Er, I'm using this on my laptop. No visual effects for me. 
I've seen window managers like Fluxbox do transparent windows, but Fluxbox is meant for barebones PCs (i.e., ones worse than mine), so surely there must be an easy way to do it with Gnome without enabling Compiz?


----------



## Davidelmo (Jul 8, 2008)

Error 404 said:


> Er, I'm using this on my laptop. No visual effects for me.
> I've seen window managers like Fluxbox do transparent windows, but Fluxbox is meant for barebones PCs (i.e., ones worse than mine), so surely there must be an easy way to do it with Gnome without enabling Compiz?

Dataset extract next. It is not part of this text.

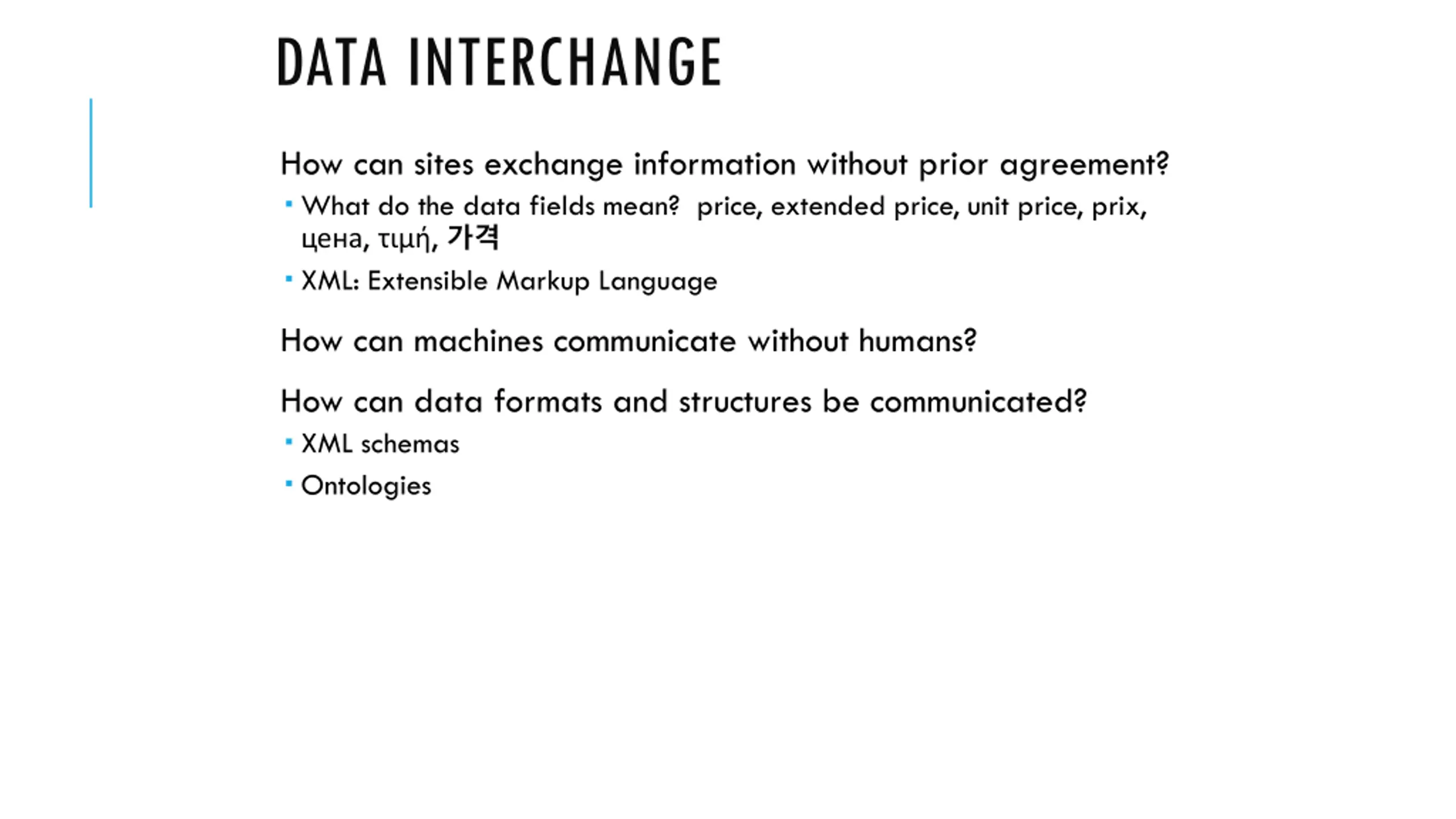 DATA INTERCHANGE How can sites exchange information without prior agreement? What do the data fields mean? price, extended price, unit price, prix, , , XML: Extensible Markup Language How can machines communicate without humans? How can data formats and structures be communicated? XML schemas Ontologies

Does the laptop not have a graphics card?

I use Ubuntu on my laptop with a 128Mb ATI Mobility x1400 and I can use full visual effects without compiz.

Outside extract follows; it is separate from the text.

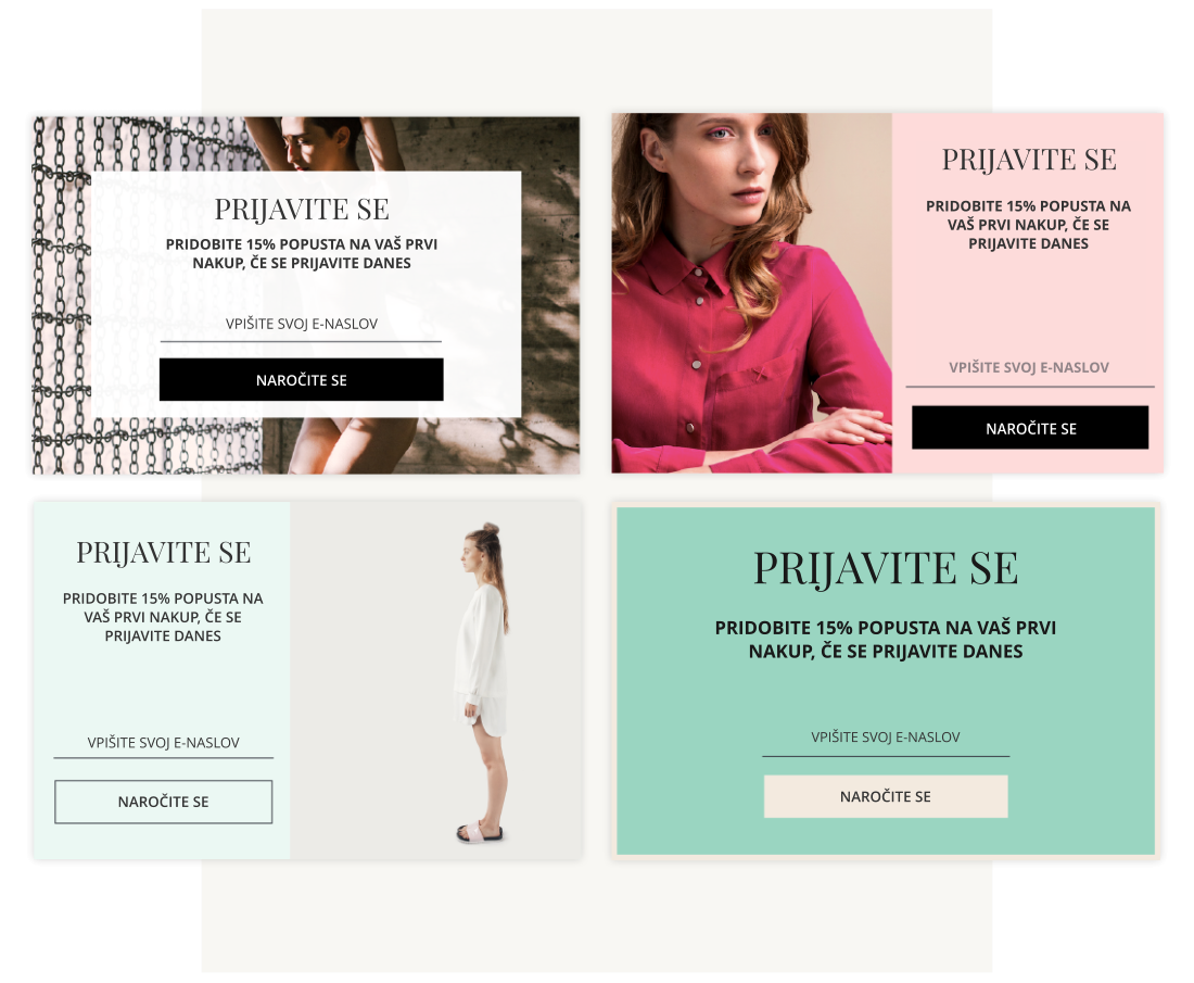Omnisend ponuja obilo predpripravljenih pojavnih oken, s čudovitimi slikami, vpadljivimi besedili in različnimi stili. Vendar pa jih lahko poljubno prilagodite na način, ki bo pritegnil pozornost obiskovalcev že prvi trenutek. Vaša pojavna okna so lahko duhovita, resna ali celo vsebujejo super popust, ki bo obiskovalce prepričal v prijavo.

Took me a while to get the graphics card fully installed and working though but once I did that it was fine.


----------



## Error 404 (Jul 8, 2008)

Hmm. I'll put my specs down as well. It might help.

Graphics: ATI Rage 128 Mobility M3; as powerful and reliable as a lemming. 
CPU: Intel PIII-M @ 850 MHz. Not exactly a powerhouse, but enough to get by.
RAM: SDRAM. 512 MB of it. Good stuff. 
HDD: 9.3 GB of... clattering, clinking 4200 RPM platters.

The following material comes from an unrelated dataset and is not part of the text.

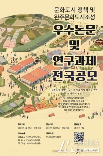 미디어아워 기자 | 완주문화도시지원센터는 6월부터 오는 10월 16일까지 문화도시와 관련한 이슈와 쟁점, 확장된 정책 제안 등을 모으기 위한 ‘문화도시 정책 및 완주문화도시조성을 위한 우수논문 및 연구과제’를 공모한다.

As you can see, It's a bit old. The hard drive is almost dead, the graphics are glitching (not due to drivers), and the battery is dead. But hey, Linux is good on old stuff! 
I'm not necessarily after whiz-bang desktop effects, I'd just like see-through windows in Gnome. I'll even do Command-line stuff if I have to, to enable transparency. All my taskbars are transparent, and I know the graphics card can do SOME form of rendering, so transparent windows shouldn't affect performance...


----------



## Becard (Nov 23, 2008)

Theres actually a better way to do this.
Heres how to do it: 
1. Go into the compiz Config settings Manager (which is in System->Preferences->CCSM)
2. Go to the opacity, Brightness, and Saturation settings, and click the opacity tab.
3. Now add the following lines under windows specific settings: 
DropdownMenu
normal
dialog
menu
popupmenu
tooltip
notification
utility

While adding the lines, Makes sure to specify the opacity you want (though I recommend setting it to 90%. Any less and the windows may get a little hard to read)
This will make ALL of the windows transparent. However, this can get annoying when watching movies, so to fix this, go back into opacity, Brightness, and Saturation settings, and in order to add the apps you want solid, click the + button in the line settings. There should be an option to grab the program (Provided its open), and set the window Opacity to 100%. Now one last thing: Make sure the specialized lines are above the line which make the windows transparent, otherwise this won't work.

Hope this helps.


----------



## Stephen (Nov 24, 2008)

With KDE 4.1 (for me anyway) you can set it to change the opacity of the window using the scroll wheel on the mouse while hovering over the title bar (the top of the window)


----------



## Error 404 (Nov 24, 2008)

These are some good answers, but a few months too late. I've given up on KDE for the moment and have Dream Linux installed on my laptop. Thanks for the answers in any case!


----------